TJ-SP mantém decisão contra a Brookfield

A Brookfield Brasil Shopping Centers Administradora sofreu uma nova derrota no Judiciário e continuará afastada da gestão do Shopping Pátio Higienópolis, em São Paulo. Na segunda-feira, o Tribunal de Justiça de São Paulo (TJ-SP), por unanimidade, considerou legal a assembleia que destituiu a empresa da administração do empreendimento.

A ação ajuizada por outras empresas do grupo – a Brookfield Brasil Higienópolis e a Brookfield Brasil Shopping Centers – foi julgada pela 2ª Câmara Reservada de Direito Empresarial. No processo, as companhias, que controlam 30% do empreendimento, questionam o fato de não terem votado na assembleia, realizada no dia 12 de dezembro de 2011.

Elas foram impedidas pelos demais acionistas. Sem isso, não conseguiriam tirar o grupo da gestão do shopping. De acordo com uma cláusula do estatuto do empreendimento, alterações na administração só poderiam ser realizadas com aprovação de 80% dos acionistas.

De acordo com o advogado do Shopping Pátio Higienópolis, Ricardo Tepedino, do escritório Tepedino Migliore Berezowski Advogados, os condôminos estavam insatisfeitos, dentre outros pontos, com o preço cobrado pela Brookfield para administrar o empreendimento. A companhia recebia 5% dos resultados mensais do shopping. "Questionamos se essas empresas do grupo podem votar pela manutenção de um contrato oneroso de outra Brookfield", disse Tepedino.

Segundo o advogado, a atual administradora do Pátio Higienópolis, a JHSF Participações, recebe mensalmente 3% dos resultados do empreendimento.

Na ação, o Pátio Higienópolis alega que havia conflito de interesses no voto das empresas do grupo Brookfield. O shopping defende ainda que a Lei nº 6.404, de 1976, a Lei das Sociedades Anônimas, permite que parte dos acionistas não votem em situações como essa.

Após analisar o caso, a relatora da ação, desembargadora Ligia Araújo Bisogni, considerou que "não fazia sentido" que as empresas do grupo Brookfield tivessem direito a voto durante a assembleia. A magistrada afirmou durante o julgamento que, na convenção do shopping, não havia a previsão de que companhias ligadas à administradora do empreendimento não pudessem votar, mas caso isso ocorresse haveria o risco de que a Brookfield "mantivesse o perpétuo controle" do shopping.

Com a decisão, a desembargadora seguiu o entendimento da 26ª Vara Cível de São Paulo, que já havia julgado o caso em agosto de 2012.

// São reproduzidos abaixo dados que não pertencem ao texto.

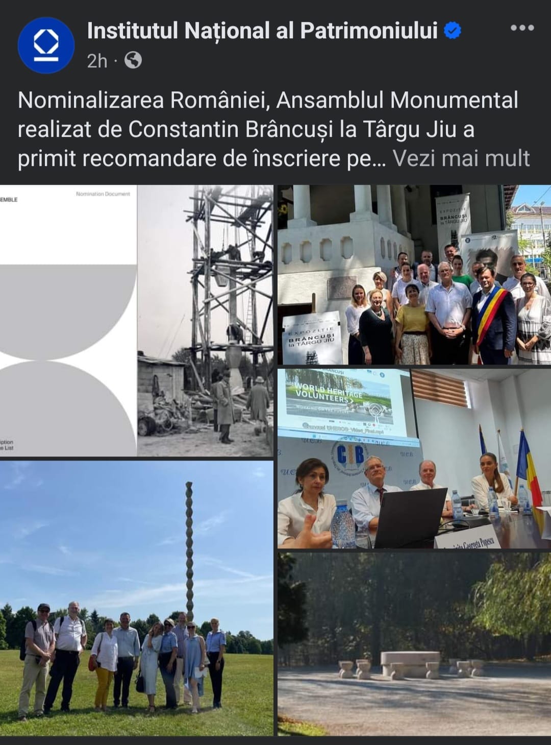 „Ansamblul Monumental realizat de Constantin Brâncuși la Târgu Jiu a primit recomandare de înscriere pe Lista Patrimoniului Mondial UNESCO din partea ICOMOS (Consiliul Internațional al Monumentelor și Siturilor)!
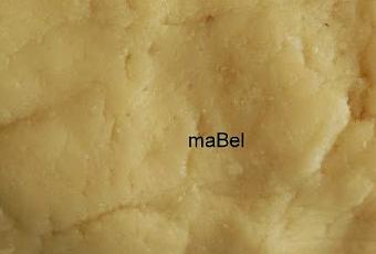 ahora, aprieta los grumos, sin amasar, solamente hay que unir como para que se peguen entre si. Si amasas demasiado, soltaá el aceite y quedarán manchas en el mazapán.Nota, si ves que queda muy pegajoso, entonces le agregas un poco mas de azúcar glas. Si por el contrario te queda muy seco, entonces usa un poco mas de clara.

Para o advogado da Brookfield, Gustavo Fernandes de Andrade, do escritório Sergio Bermudes, a analogia com a Lei nº 6.404 seria indevida, pois o shopping não é uma sociedade anônima. Para ele, os acionistas minoritários deveriam procurar o Judiciário caso discordassem das decisões tomadas em assembleia. "Não se pode presumir como inválido um voto antes de ele ser manifestado", afirmou Andrade. Segundo o advogado, o grupo vai recorrer da decisão ao Superior Tribunal de Justiça.

Na ação, além de requerer a anulação da assembleia realizada em 2011, a Brookfield pediu indenização por dano material, a ser calculada posteriormente.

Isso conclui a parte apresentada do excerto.